There are 22 ways to win exactly 1 game. If we use Bernoulli trial we can make it simpler.

So to win 1 game in the first 15 giveaways has the following chance:
15*(1/50)*(49/50)^14 (1 game won, 14 lost).

In the second 6 giveaways:
6*(1/20)*(19/20)^5
For the last:
x/193

Aggregate probability of winning only 1 game for first is the product of winning 1 of 15, probability of losing all 6 and the last. And so on.

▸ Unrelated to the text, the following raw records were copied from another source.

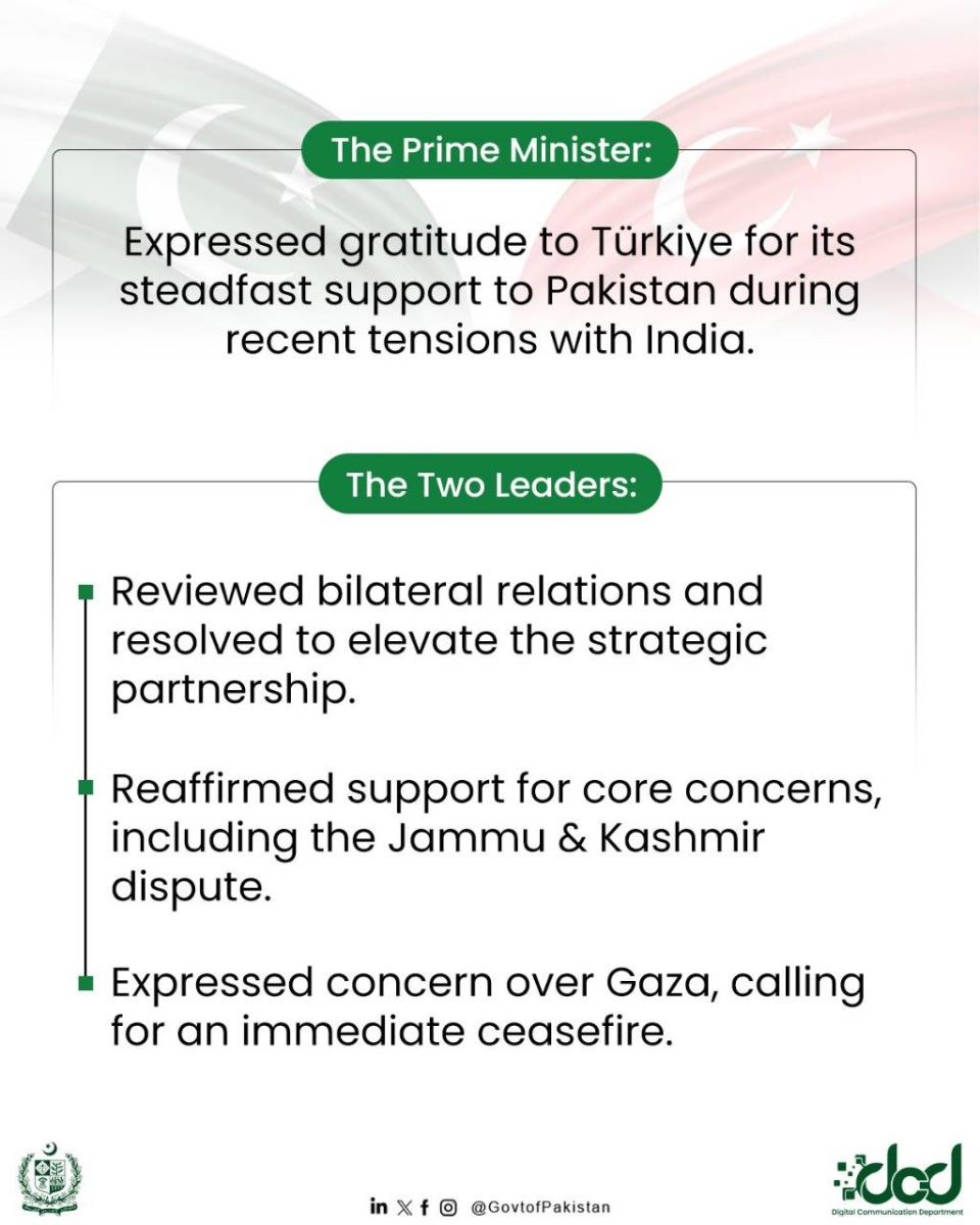 Prime Minister expressed heartfelt gratitude to the Government and people of Türkiye for their unwavering support to Pakistan during the recent developments in South Asia. The two leaders reviewed progress on the implementation of key decisions taken during the 7th session of the High-Level Strategic Cooperation Council (HLSCC). They reaffirmed their shared resolve to raise bilateral trade to the targeted level of USD 5 billion annually, as agreed earlier. Discussions also focused on key regional and global issues. Both leaders reaffirmed mutual support for each other’s core concerns including the Jammu and Kashmir dispute. The meeting concluded with a renewed commitment to deepening the multifaceted cooperation between Pakistan and Türkiye.
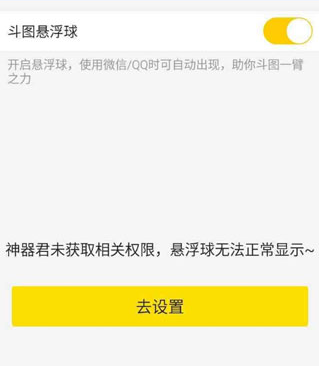 1、打开 APP 后,第一步可设置斗图悬浮球。悬浮球开启后,在使用微信或 QQ 时会自动出现,助力你畅快斗图。要是你的手机当前未授予此权限,可先前往设置进行操作。
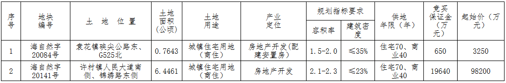 資料显示,該地塊編號為海自然字20141號,位於許村鎮人民大道南側、錦繡路東側。出讓面積64461㎡,起始價98200萬元,競買保證金19640萬元,建築密度≤23%。
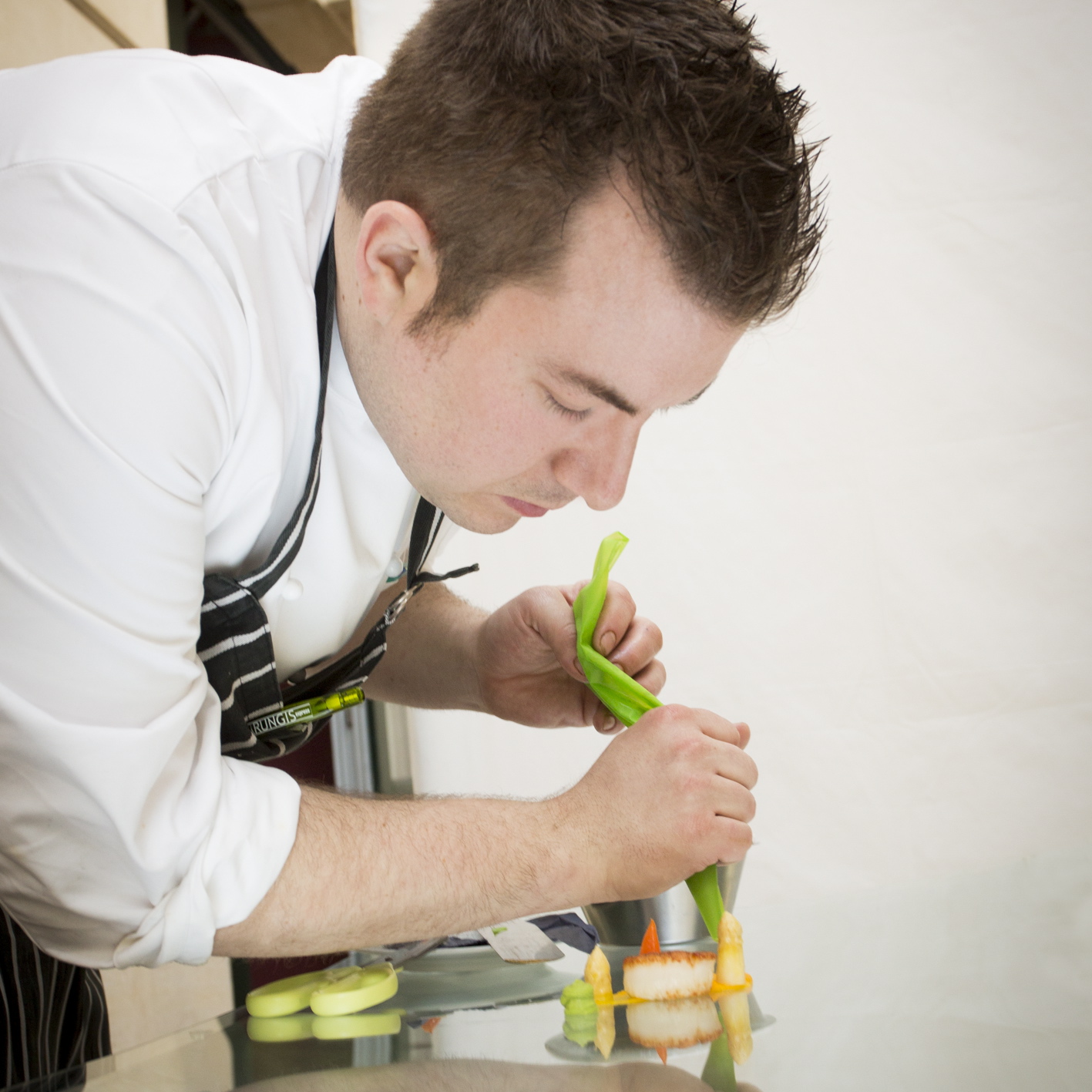 The cherry on top was the dessert that ended our menu: ‘Strawberries with Passion Fruit and Ivoire Chocolate’. Imagine small mushrooms with a shaft of strawberries and a chocolate cover, alongside tiny cylinders made of passionfruit-creme in the midst of cookie crumbles and drops of purée. Grand!
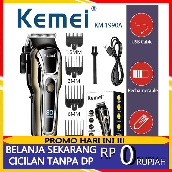 DIKIRIM KEMEI ALAT CUKUR RAMBUT ELEKTRIK MESIN CUKUR RAMBUT TANPA KABEL TURBO HAIR CLIPPER KM-PG1990A

So we end up with the following inequality:

((49/50)^15)*((19/20)^6)*((193-x)/193) + (15*(1/50)*(49/50)^14)*((19/20)^6)*((193-x)/193) + ((49/50)^15)*(6*(1/20)*(19/20)^5)*((193-x)/193) + ((49/50)^15)*((19/20)^6)*(x/193)<0,75,

or a little simpler:

((49/50)^14)*((19/20)^5)*(49/50*19/20 + 15*1/50*19/20*(193-x)/193 + 6*49/50*1/20*(193-x)/193) < 0,75

Ok ,lots of numbers. In the end you'll end up with x>74,63. Thus the number of copies is 75.


Q5. The best way to pick out achievements is to use exponentiation with the base 2. This way you'll never have the same amount to pay for any combinations of fake achievements.
So you should pick up the following number of achievements: 1,2,4,8,16,32,64. Mind you, you have to pick 1 as th first, otherwise you won't distinguish if the first game was faulty or there aren't any faulty games.

So Micky cheated in Elks Must Die and WTF: Wiser Than Fool. So according to the scheme Peter was charged 64+8 = 72 $ for clearing up achievements.